The classification of mechanoreceptors both in the periphery and in the central nervous system is based on the receptors responses to ramp-and-hold-like stimuli. Mechanoreceptors have been found to be either fast adapting (FA) or slowly adapting (SA). Here, adaptation refers to the rate of decline in neural activity with time in response to ramp-and-hold-like stimuli. There are two subclasses of FA and SA mechanoreceptors: FA I and FA II, and SA I and SA II. It has been fairly well established that the FA Is are the Meissner corpuscles and the hair receptors, the FA IIs are the Pacinian corpuscles, the SA Is are the Merkel cell-neurite complexes and the touch pads and the SA IIs are the Ruffini endings. They are defined historically. One could use the phrasiology-corpuscles first discovered by Meisser, corpuscles described by Pacini and the cell-neurite complexes as shown by Merkel. Ruffini was the first to show the existence of another tactile ending.

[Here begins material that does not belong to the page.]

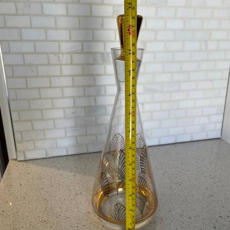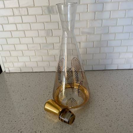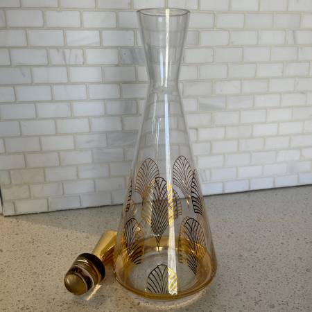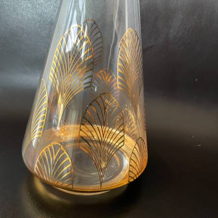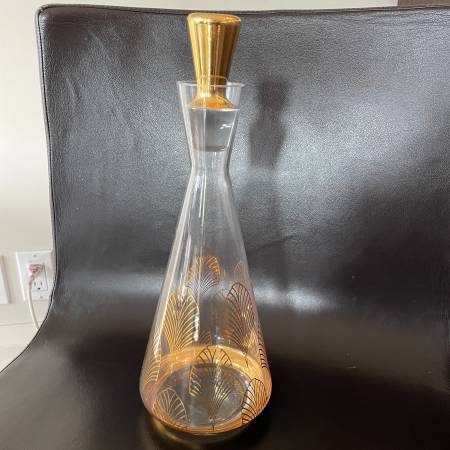 Selling a gorgeous Art Deco Style Glass Decanter with Gold Leaf and Glass Stopper. Gently used in pristine condition. Really pretty.

In psychophysical tasks involving the detection of vibration on the skin, it is possible, by carefully choosing the frequency of vibration, the size of the stimulus, and the site of stimulation, to examine the effects of aging on each of four information processing channels designated as the P, NP I, NP II, and NP III channels. Each of these channels has, as its input stage, one of the four receptor types described above. Experiments on the effects of aging have revealed that the sensitivity of each channel declines with age, especially for the P channel, a finding that can be explained by understanding the functional and structural characteristics of the channels.

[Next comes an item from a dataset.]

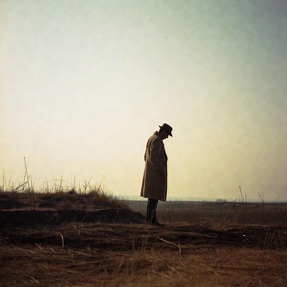 A man wearing a beige trench coat and fedora hat stands with his back turned in a vast grassy field. He gazes thoughtfully at the expansive horizon under a hazy sky. Tall dry grass surrounds his feet on the earthy ground.
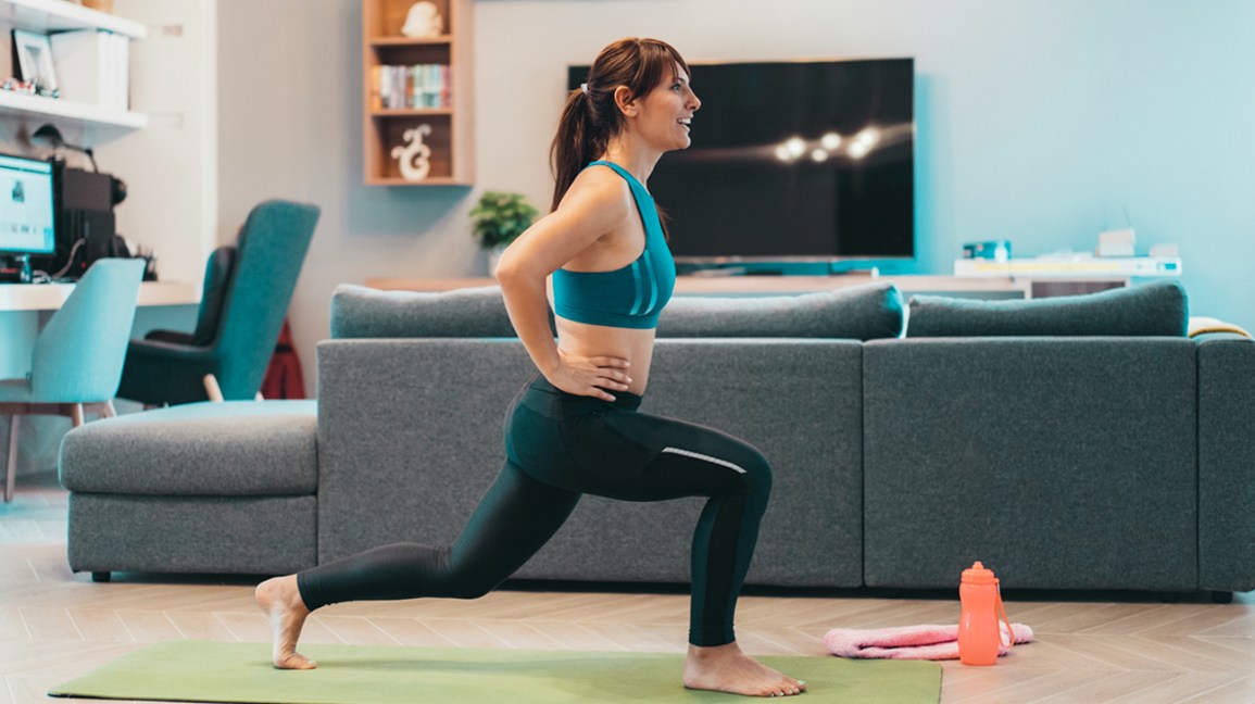 • Lunges: Step one foot forward, about two feet apart, needing the same form as a squat. Bend your back knee and lower your body as far as possible. Push yourself up and back to the starting position.

At the level of the peripheral nervous system, the inputs to the P channel are FA II nerve fibers of Pacinian corpuscles. This channel is extremely sensitive at the optimal frequency of vibration of 250 Hz, with psychophysical thresholds in young adults being as low as 0.1 micrometers in the amplitude of vibration required to be detected. The exquisite sensitivity of the P channel is attributed partially to the capacity of this channel for spatial summation, which is the improvement in sensitivity that results as the size of the stimulus is increased, activating an increasing number of sensory receptors. The other three information-processing channels, NP I, NP II, and NP III, with their inputs from FAI, SA II, and SA I peripheral nerve fibers, respectively, are less sensitive than the P channel, mainly due to their inability to exhibit spatial summation. The fact that the deleterious effects of aging are substantially greater in the P channel than in any of the three NP channels is due, in part, to this unique capacity for spatial summation. Specifically, as people age, mechanoreceptors die, resulting in a progressive reduction in receptor density that becomes profound by about sixty-five or seventy years of age. Because one mechanism of spatial summation in the P channel is the integration of neural activity over a large number of receptors, the reduction in the density of Pacinian corpuscles has a particularly severe effect on sensitivity. Reduced neural input to the central nervous system from receptorsresulting from a reduction in the number of Pacinian corpusclesresults in elevated detection thresholds in older individuals. The smaller loss of sensitivity with aging found in the NP channels is thought to be due to the fact that the sensitivities of these channels, which are not dependent on spatial summation, are less affected by the reduction of receptor density.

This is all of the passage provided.